* [What to do]:
The lines to find are those in the entries that hold the word "areas"; copy every one of them.

------ Records for processing

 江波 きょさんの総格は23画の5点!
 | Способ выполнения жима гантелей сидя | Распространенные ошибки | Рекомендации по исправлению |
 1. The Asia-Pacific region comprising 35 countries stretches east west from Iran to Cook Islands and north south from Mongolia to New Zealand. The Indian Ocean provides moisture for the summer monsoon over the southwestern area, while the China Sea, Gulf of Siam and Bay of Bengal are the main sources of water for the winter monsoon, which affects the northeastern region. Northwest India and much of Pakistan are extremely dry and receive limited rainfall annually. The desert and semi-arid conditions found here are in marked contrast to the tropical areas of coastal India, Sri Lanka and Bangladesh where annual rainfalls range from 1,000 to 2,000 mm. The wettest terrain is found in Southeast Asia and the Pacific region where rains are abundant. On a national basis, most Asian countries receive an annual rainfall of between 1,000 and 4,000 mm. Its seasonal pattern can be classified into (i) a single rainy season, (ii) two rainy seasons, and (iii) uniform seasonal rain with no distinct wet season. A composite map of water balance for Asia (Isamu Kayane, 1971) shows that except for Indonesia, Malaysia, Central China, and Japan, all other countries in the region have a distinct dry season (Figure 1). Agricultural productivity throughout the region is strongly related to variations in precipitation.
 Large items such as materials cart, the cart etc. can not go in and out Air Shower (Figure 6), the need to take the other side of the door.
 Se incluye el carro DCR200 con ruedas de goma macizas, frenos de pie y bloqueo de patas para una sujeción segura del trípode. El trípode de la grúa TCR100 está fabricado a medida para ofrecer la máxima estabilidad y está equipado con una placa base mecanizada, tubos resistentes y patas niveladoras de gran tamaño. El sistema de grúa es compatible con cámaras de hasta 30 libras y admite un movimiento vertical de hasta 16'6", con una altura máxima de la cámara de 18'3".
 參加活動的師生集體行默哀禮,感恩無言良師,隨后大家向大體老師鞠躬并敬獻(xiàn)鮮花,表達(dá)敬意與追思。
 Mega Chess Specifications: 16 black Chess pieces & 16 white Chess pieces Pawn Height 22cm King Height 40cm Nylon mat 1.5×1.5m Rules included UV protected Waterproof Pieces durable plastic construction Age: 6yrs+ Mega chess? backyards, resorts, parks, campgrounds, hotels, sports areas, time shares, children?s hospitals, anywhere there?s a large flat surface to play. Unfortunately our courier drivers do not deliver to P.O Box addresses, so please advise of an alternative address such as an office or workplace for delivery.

------------
------ Records for processing

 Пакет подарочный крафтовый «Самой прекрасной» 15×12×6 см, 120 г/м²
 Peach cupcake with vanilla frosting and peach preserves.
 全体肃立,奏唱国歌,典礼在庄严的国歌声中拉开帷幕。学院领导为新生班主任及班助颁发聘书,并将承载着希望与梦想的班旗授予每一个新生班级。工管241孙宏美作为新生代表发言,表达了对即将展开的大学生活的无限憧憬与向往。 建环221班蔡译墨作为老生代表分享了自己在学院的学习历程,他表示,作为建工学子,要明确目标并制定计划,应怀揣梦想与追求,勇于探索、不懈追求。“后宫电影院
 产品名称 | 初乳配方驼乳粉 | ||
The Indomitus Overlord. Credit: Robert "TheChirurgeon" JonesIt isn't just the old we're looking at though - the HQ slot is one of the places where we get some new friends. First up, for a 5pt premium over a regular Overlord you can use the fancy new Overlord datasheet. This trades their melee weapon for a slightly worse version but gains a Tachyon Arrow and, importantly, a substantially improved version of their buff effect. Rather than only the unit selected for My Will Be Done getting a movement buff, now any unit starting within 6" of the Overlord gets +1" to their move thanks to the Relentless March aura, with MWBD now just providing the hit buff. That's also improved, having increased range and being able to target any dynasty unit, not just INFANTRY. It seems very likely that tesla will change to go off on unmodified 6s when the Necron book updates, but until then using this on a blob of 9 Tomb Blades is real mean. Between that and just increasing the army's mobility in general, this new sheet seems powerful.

------------
------ Records for processing

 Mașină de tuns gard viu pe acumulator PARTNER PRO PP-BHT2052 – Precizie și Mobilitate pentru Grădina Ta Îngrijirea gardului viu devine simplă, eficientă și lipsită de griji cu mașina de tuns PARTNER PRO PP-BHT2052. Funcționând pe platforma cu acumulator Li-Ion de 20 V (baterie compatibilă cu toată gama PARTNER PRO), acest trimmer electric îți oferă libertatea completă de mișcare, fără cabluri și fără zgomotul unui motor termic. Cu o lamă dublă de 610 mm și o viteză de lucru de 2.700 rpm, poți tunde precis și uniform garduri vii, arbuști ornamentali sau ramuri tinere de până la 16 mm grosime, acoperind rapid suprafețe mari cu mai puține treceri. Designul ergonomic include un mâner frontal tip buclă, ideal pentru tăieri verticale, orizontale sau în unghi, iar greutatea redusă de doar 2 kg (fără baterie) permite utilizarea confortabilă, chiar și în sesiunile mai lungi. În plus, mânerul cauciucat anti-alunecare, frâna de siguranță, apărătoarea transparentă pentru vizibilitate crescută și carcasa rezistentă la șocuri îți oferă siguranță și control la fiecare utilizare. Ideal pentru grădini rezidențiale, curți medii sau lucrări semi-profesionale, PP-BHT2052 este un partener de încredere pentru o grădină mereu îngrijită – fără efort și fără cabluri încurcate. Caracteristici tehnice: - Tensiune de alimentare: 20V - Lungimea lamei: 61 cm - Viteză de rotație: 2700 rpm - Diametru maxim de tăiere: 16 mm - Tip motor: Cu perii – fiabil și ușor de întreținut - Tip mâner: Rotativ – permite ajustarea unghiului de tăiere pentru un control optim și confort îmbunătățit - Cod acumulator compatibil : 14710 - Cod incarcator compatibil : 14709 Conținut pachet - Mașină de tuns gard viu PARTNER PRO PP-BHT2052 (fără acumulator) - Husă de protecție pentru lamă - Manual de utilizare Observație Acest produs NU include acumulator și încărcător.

------------

* [Output of the exercise]:
 1. The Asia-Pacific region comprising 35 countries stretches east west from Iran to Cook Islands and north south from Mongolia to New Zealand. The Indian Ocean provides moisture for the summer monsoon over the southwestern area, while the China Sea, Gulf of Siam and Bay of Bengal are the main sources of water for the winter monsoon, which affects the northeastern region. Northwest India and much of Pakistan are extremely dry and receive limited rainfall annually. The desert and semi-arid conditions found here are in marked contrast to the tropical areas of coastal India, Sri Lanka and Bangladesh where annual rainfalls range from 1,000 to 2,000 mm. The wettest terrain is found in Southeast Asia and the Pacific region where rains are abundant. On a national basis, most Asian countries receive an annual rainfall of between 1,000 and 4,000 mm. Its seasonal pattern can be classified into (i) a single rainy season, (ii) two rainy seasons, and (iii) uniform seasonal rain with no distinct wet season. A composite map of water balance for Asia (Isamu Kayane, 1971) shows that except for Indonesia, Malaysia, Central China, and Japan, all other countries in the region have a distinct dry season (Figure 1). Agricultural productivity throughout the region is strongly related to variations in precipitation.
 Mega Chess Specifications: 16 black Chess pieces & 16 white Chess pieces Pawn Height 22cm King Height 40cm Nylon mat 1.5×1.5m Rules included UV protected Waterproof Pieces durable plastic construction Age: 6yrs+ Mega chess? backyards, resorts, parks, campgrounds, hotels, sports areas, time shares, children?s hospitals, anywhere there?s a large flat surface to play. Unfortunately our courier drivers do not deliver to P.O Box addresses, so please advise of an alternative address such as an office or workplace for delivery.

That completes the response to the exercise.